[FFmpeg-devel] [PATCH] Some IWMMXT functions for libavcodec #2

Sun May 18 10:18:27 CEST 2008

On Saturday 17 May 2008, Dmitry Antipov wrote:

[...]

> It looks you're right here. This version of pix_sum (1):
>
>      asm volatile("wzero wr0                 \n\t"
>                   "mov r1, #16               \n\t"
>                   "1: wldrd wr2, [%1, #8]    \n\t"
>                   "subs r1, r1, #1           \n\t" /* subs here */
>                   "wldrd wr1, [%1], %2       \n\t"
>                   "waccb wr2, wr2            \n\t"
>                   "waddw wr0, wr0, wr2       \n\t"
>                   "waccb wr1, wr1            \n\t"
>                   "waddw wr0, wr0, wr1       \n\t"
>                   "bne 1b                    \n\t"
>                   "textrmsw %0, wr0, #0      \n\t"
>
>                   : "=r"(s), "+r"(pix)
>                   : "r"(line_size)
>                   : "r1");
>
> is 6-7% faster than this (2):
>
>     asm volatile("wzero wr0                 \n\t"
>                   "mov r1, #16               \n\t"
>                   "1: wldrd wr2, [%1, #8]    \n\t"
>                   "wldrd wr1, [%1], %2       \n\t"
>                   "waccb wr2, wr2            \n\t"
>                   "waddw wr0, wr0, wr2       \n\t"
>                   "waccb wr1, wr1            \n\t"
>                   "waddw wr0, wr0, wr1       \n\t"
>                   "subs r1, r1, #1           \n\t" /* subs here */
>                   "bne 1b                    \n\t"
>                   "textrmsw %0, wr0, #0      \n\t"
>
>                   : "=r"(s), "+r"(pix)
>                   : "r"(line_size)
>                   : "r1");

BTW, this is a bit strange, ~7% improvement by saving 1 cycle means that we
have approximately (1 / 0.07) = 14.3 cycles per loop iteration.

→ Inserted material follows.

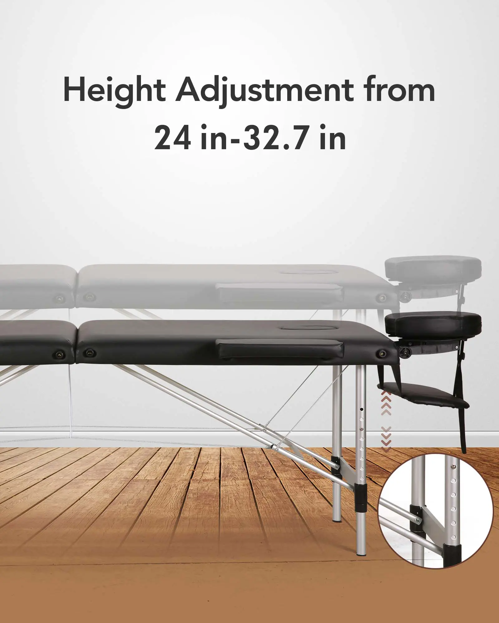·9 Adjustable Heights Massage Table: The massage table has 9 levels of adjustable heights, ranging from 24 inches to 32.7 inches with easy adjustment, you only need to press the small round knob on the leg to complete the height adjustment. The massage table with 9 levels adjustable heights are suitable for therapists of different heights, who provide customers with excellent service.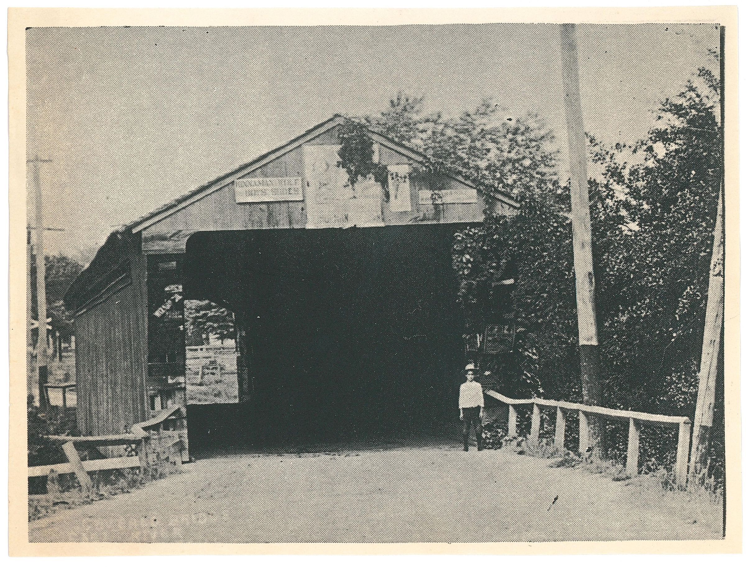 Unidentified person in front of covered bridge over the east branch of the Mahoning River. The bridge was constructed in 1831. This photo was taken before the covered walkway was added in 1921.Photograph Details

But the number
of instructions is only 8.

Please also try to benchmark
     asm volatile("wzero wr0                  \n\t"
                   "mov r1, #16               \n\t"
                   "1: wldrd wr2, [%1, #8]    \n\t"
                   "wldrd wr1, [%1], %2       \n\t"
                   "sub  r1, r1, #0           \n\t"
                   "sub  r1, r1, #0           \n\t"
                   "subs r1, r1, #1           \n\t"
                   "waccb wr2, wr2            \n\t"
                   "waccb wr1, wr1            \n\t"
                   "sub  r1, r1, #0           \n\t"
                   "sub  r1, r1, #0           \n\t"
                   "waddw wr0, wr0, wr2       \n\t"
                   "waddw wr0, wr0, wr1       \n\t"
                   "bne 1b                    \n\t"
                   "textrmsw %0, wr0, #0      \n\t"
vs
     asm volatile("wzero wr0                  \n\t"
                   "mov r1, #16               \n\t"
                   "1: wldrd wr2, [%1, #8]    \n\t"
                   "wldrd wr1, [%1], %2       \n\t"
                   "sub  r1, r1, #0           \n\t"
                   "sub  r1, r1, #0           \n\t"
                   "subs r1, r1, #1           \n\t"
                   "waccb wr2, wr2            \n\t"
                   "waddw wr0, wr0, wr2       \n\t"
                   "sub  r1, r1, #0           \n\t"
                   "sub  r1, r1, #0           \n\t"
                   "waccb wr1, wr1            \n\t"
                   "waddw wr0, wr0, wr1       \n\t"
                   "bne 1b                    \n\t"
                   "textrmsw %0, wr0, #0      \n\t"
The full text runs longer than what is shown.